- Map of the important tribes and settlements of Veleti, around year 1000.
- Status: Independent confederation of Polabian Slavic tribes^{[citation needed]}
- Capital: none or unknown
- Common languages: Polabian Slavic^{[citation needed]}
- Religion: Polabian Slavic paganism, the known major cults: Svarozhich/Radegast in Rethra-Radgosc; Triglav in Brennabor; Gerovit in Havelberg; Rugiewit with Porenut and Porewit in Charenza, Rügen; Svetovit in Arkona, Rügen; Chernoglav in Jasmund, Rügen; folk polytheism of minor cults (unnamed twins gods near Tollensesee etc); Chernobog according to Helmold;
- Government: Confederal monarchy (Principality)
- • Formed: 8th century
- • Collapse of Veletian central rule: 789
- • Veleti tribes reorganized to the Lutician federation: 10th century
| Preceded by | Succeeded by |
| / Polabian Slavs | Lutician federation / |
- Today part of: Germany

= Veleti =

Lehitic ethnic group that formed around the 6th century

The Veleti, (Note: German: Wilzen, Wilsen, Wilciken, Welataben; Polish: Wieleci, Wieletowie, Wilcy) also known as Veletians, Wilzi, Wielzians, and Wiltzes, were a group of medieval Lechitic tribes within the territory of Western Pomerania, related to Polabian Slavs. They had formed together the Confederation of the Veleti, also known as the Union of the Veleti, (Note: German: Wilzener Bund; Polish: Związek Wielecki) a loose monarchic confederation of the tribes. Said state existed between the 6th and 10th centuries, after which, it was succeeded by the Lutician Federation.

== Name ==
The name Veleti stems from the root vel- ('high, tall'). The Veleti were called by other names, probably given by their neighbours, such as Lutices, Ljutici, or Volki, Volčki. The latter means 'wolf', and the former probably 'fierce creature' based upon the comparison with the belarusian definition lyutyj zvěr.' In common with other Slavic groups between the Elbe and Oder Rivers, they were often described by Germanic sources as Wends. In the late 10th century, they were continued by the Lutici. In Einhard's Vita Karoli Magni, the Wilzi are said to refer to themselves as Welatabians.

==Veleti tribes==

The first mention of a tribe named Veltae is found in Ptolemy's second-century Geography, Book III, chapter V: "Back from the Ocean, near the Venedicus Bay [Baltic Sea], the Veltae dwell, above whom are the Ossi." The Bavarian Geographer's anonymous medieval document compiled in Regensburg in 830 contains a list of the tribes in Central Europe east of the Elbe. Among other tribes it also lists the Uuilci (Veleti), featuring 95 civitates.

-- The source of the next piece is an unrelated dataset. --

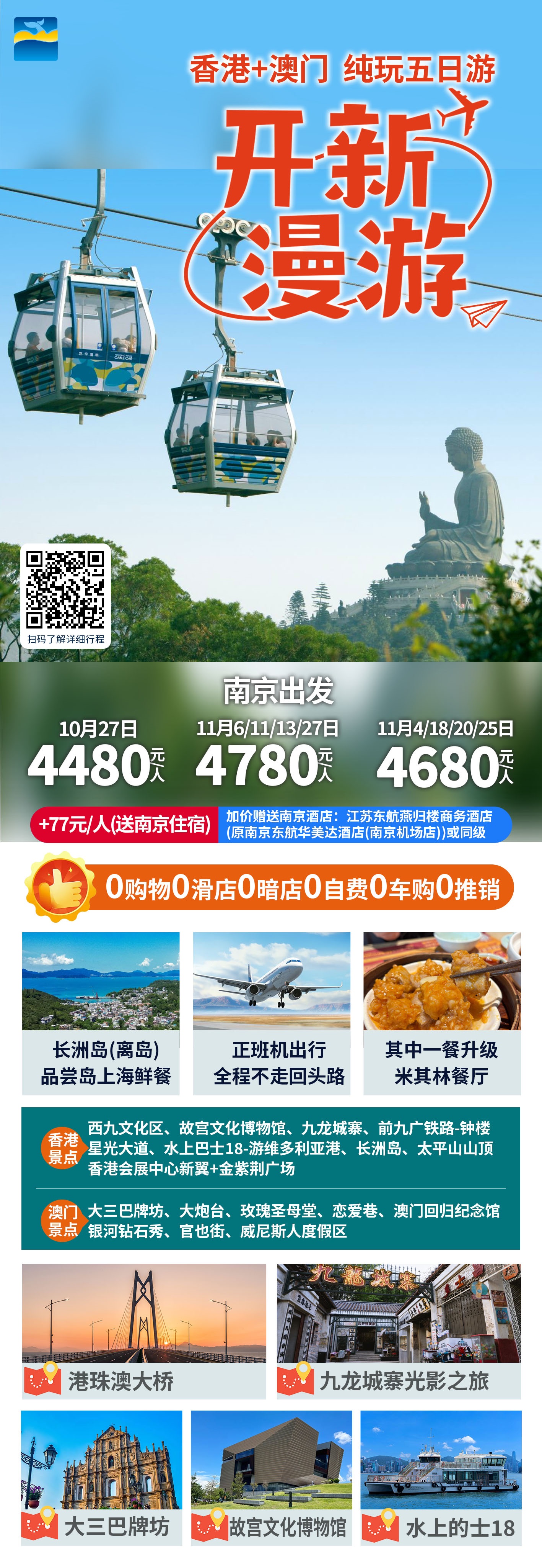 第五天 | 澳门-南京 参考航班:澳门-南京 MU9798 12:50-15:25 早晨自由活动。根据航班时间送往机场,结束精彩愉快的港澳之旅! | / | / |

The Veleti did not remain a unified tribe for long: local tribes developed, the most important being: the Kissini (Kessiner, Chizzinen, Kyzziner) along the lower Warnow and Rostock, named after their capital Kessin; the Circipani (Zirzipanen) along the Trebel and Peene Rivers, with their capital believed to be Teterow and strongholds in Demmin and probably even Güstrow; the Tollenser east and south of the Peene along the Tollense River; and the Redarier south and east of the Tollensesee on the upper Havel. The Hevelli living in the Havel area and, though more unlikely, the Rujanes of Rugia might once have been part of the Veletians. Even the Leitha region of Lower Austria may have been named for a tribe of Veleti, the Leithi.

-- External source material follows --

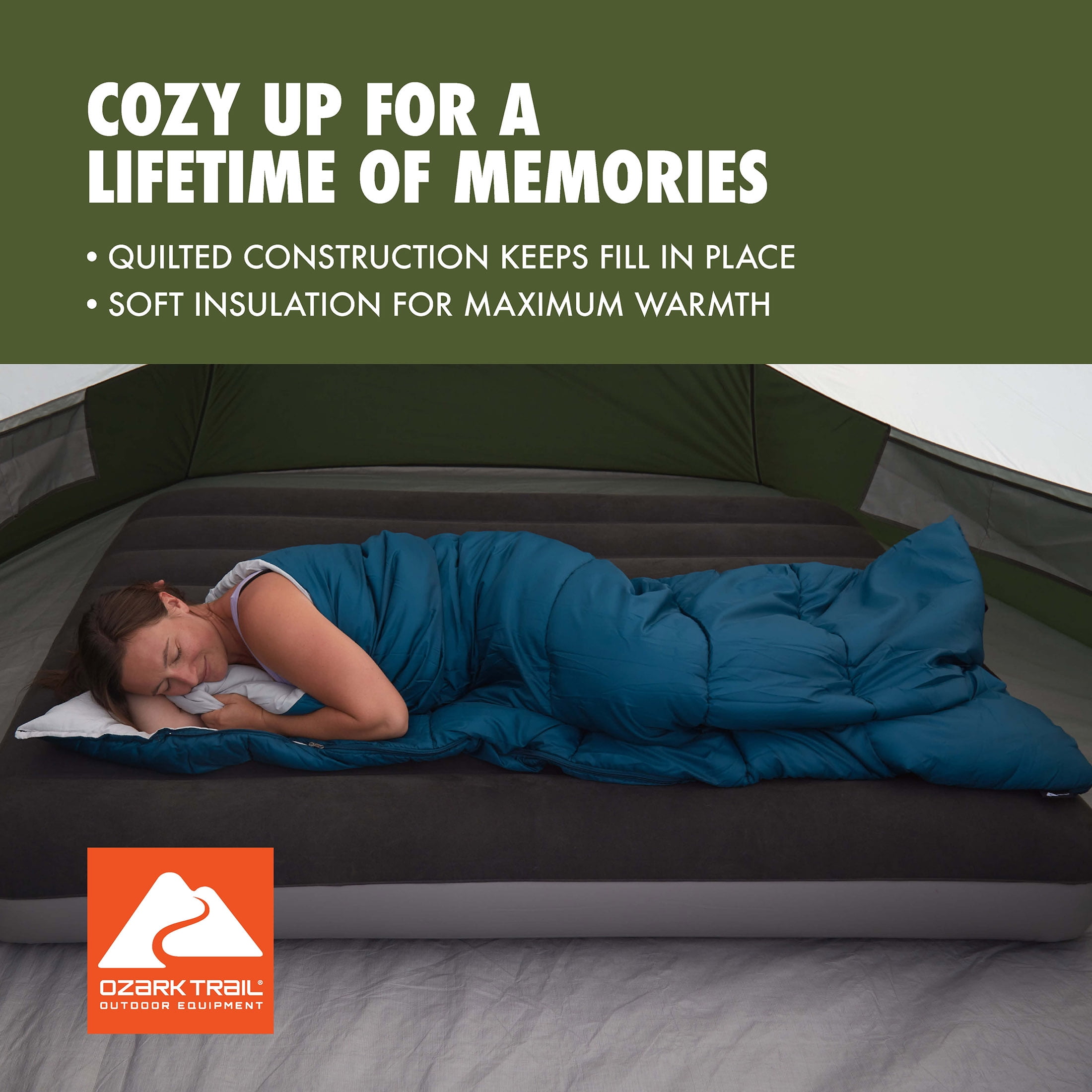 The Ozark Trail 35 Degree Cool Weather Sleeping Bag is perfect for those cool nights under the stars. This sleeping bag is made from partially recycled polyester fabrics including a really great brushed liner that warms up quickly to keep you cozy. The full-length zipper with patent pending ZIP SHIELD zipper pull makes getting in and out of the bag a breeze and allows the bag to open fully for use as a quilt or an extra layer. When you want to pack up in a hurry use the quick-roll elastic straps to bundle and go. This sleeping bag includes a stuff sack for carrying and helps to minimize storage space in your car and at home. Things can get messy when you’re in the great outdoors, but don’t fret, this sleeping bag is machine washable so it’s easy to ensure your bag is ready for the next adventure. Whether you’re taking the family on an extended camping trip in the mountains or just taking a day trip to a local hiking trail, Ozark Trail has everything you need to enjoy the great outdoors. Browse all our gear like spacious tents, durable backpacks, warm sleeping bags, outdoor cooking supplies, and more.

This political splitting of the Veleti probably occurred due to the size of the inhabited area, with settlements grouped around rivers and forts and separated by large strips of woodlands. Also, the Veletian king Dragowit had been defeated and made a vassal by Charlemagne in the only expedition into Slavic territory led by Charlemagne himself, in 789, causing the central Veletian rule to collapse. The Veleti were invaded by the Franks during their continuous expeditions into Obodrite lands, with the Obodrites being allies of the Franks against the Saxons. Einhard made these claims in "Vita Karoli Magni" (Life of Charles the Great), a biography of Charlemagne, King of the Franks.

After the 10th century, the Veleti disappeared from written records, and were replaced by the Lutici who at least in part continued the Veleti tradition.

== Known leaders ==
- Dragovit (c. 740–810)
- Liub (810–823)
- Milegast (823–823)
- Cealadragus (823–?)

==See also==
- Pomerania during the Early Middle Ages
- List of Medieval Slavic tribes

==Bibliography==
- Christiansen, Erik (1997). "The Northern Crusades"
- Herrmann, Joachim (1970). "Die Slawen in Deutschland"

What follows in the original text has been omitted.